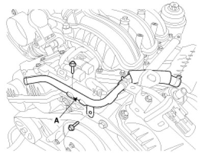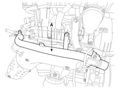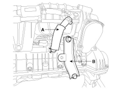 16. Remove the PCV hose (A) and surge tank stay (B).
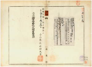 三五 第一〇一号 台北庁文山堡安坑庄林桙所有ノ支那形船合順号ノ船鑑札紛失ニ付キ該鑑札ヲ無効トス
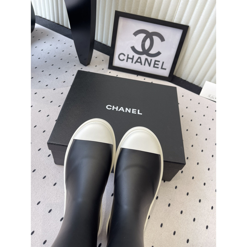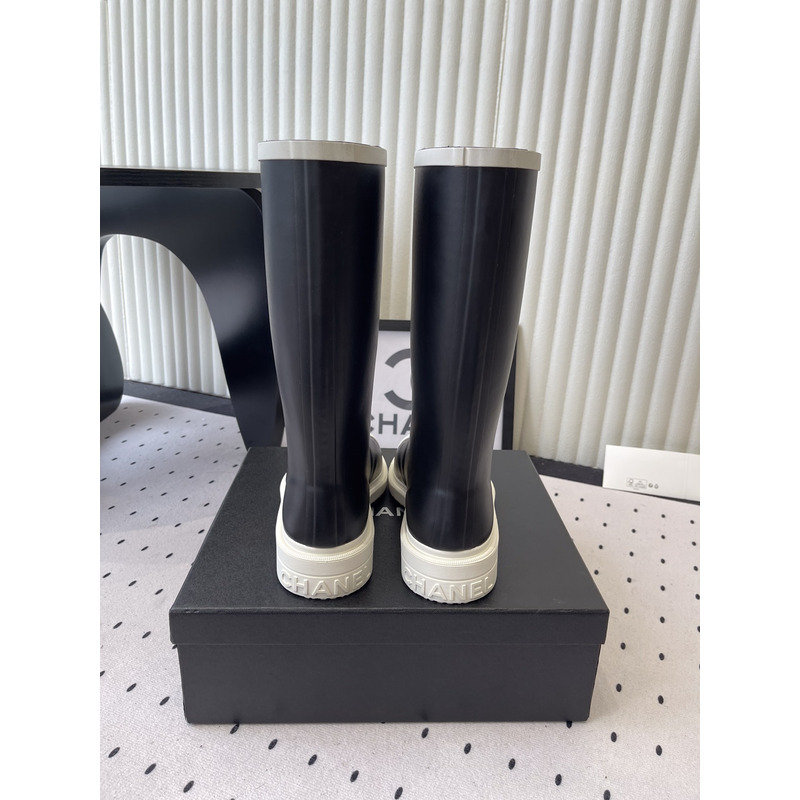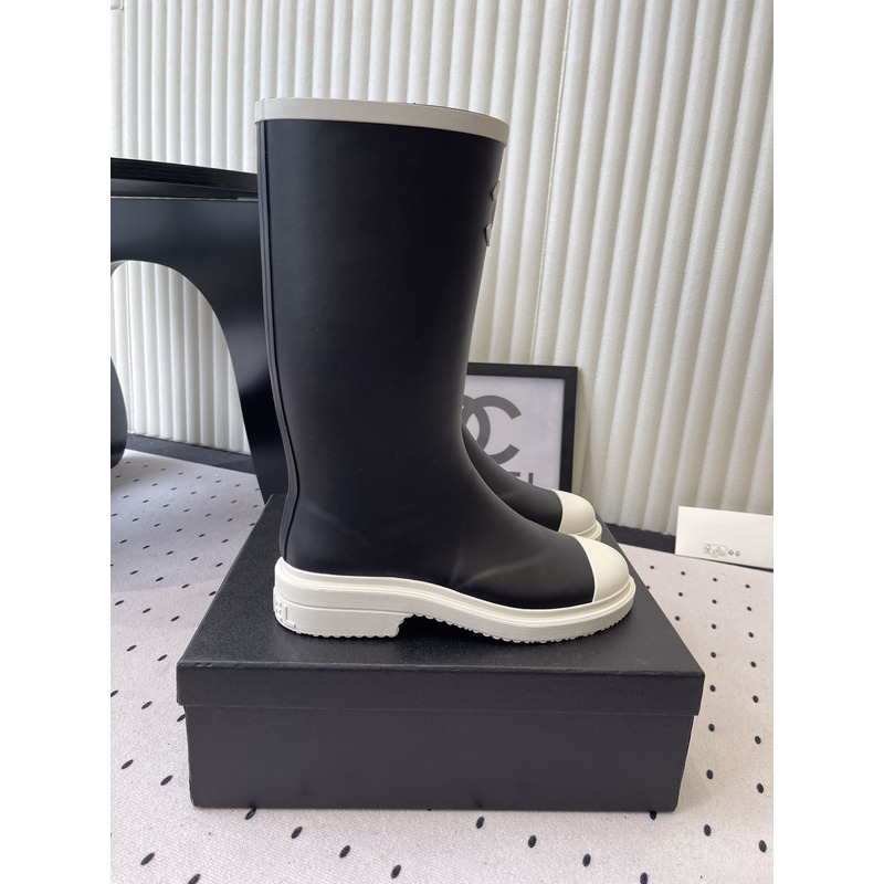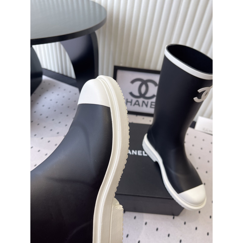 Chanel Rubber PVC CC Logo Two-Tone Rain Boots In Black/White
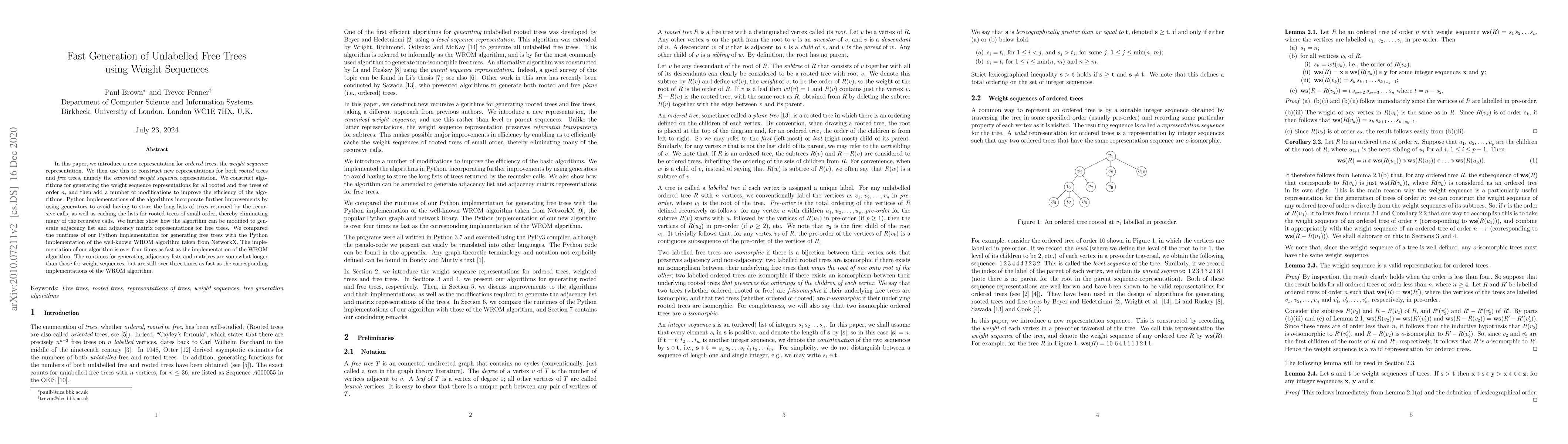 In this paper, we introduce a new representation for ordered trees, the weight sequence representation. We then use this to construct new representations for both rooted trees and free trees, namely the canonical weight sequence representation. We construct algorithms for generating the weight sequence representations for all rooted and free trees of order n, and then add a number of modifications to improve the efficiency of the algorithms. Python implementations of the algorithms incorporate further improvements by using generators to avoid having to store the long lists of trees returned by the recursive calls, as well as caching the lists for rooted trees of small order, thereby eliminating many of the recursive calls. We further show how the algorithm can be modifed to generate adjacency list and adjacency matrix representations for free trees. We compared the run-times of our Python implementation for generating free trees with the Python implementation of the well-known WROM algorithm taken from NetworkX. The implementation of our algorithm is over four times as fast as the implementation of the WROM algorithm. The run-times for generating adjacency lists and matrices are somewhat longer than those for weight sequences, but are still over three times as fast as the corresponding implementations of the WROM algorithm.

····················

-- TASK PROMPT --
In the data above, find the line containing "三五 第一〇一号 台北庁文山堡安坑庄林桙所有ノ支那形船合順号ノ船鑑札紛失ニ付キ該鑑札ヲ無効トス" and the line containing "Chanel Rubber PVC". Repeat those two lines and everything between them exactly, minus the pictures.

-- SOLVED EXERCISE --
 三五 第一〇一号 台北庁文山堡安坑庄林桙所有ノ支那形船合順号ノ船鑑札紛失ニ付キ該鑑札ヲ無効トス
 Chanel Rubber PVC CC Logo Two-Tone Rain Boots In Black/White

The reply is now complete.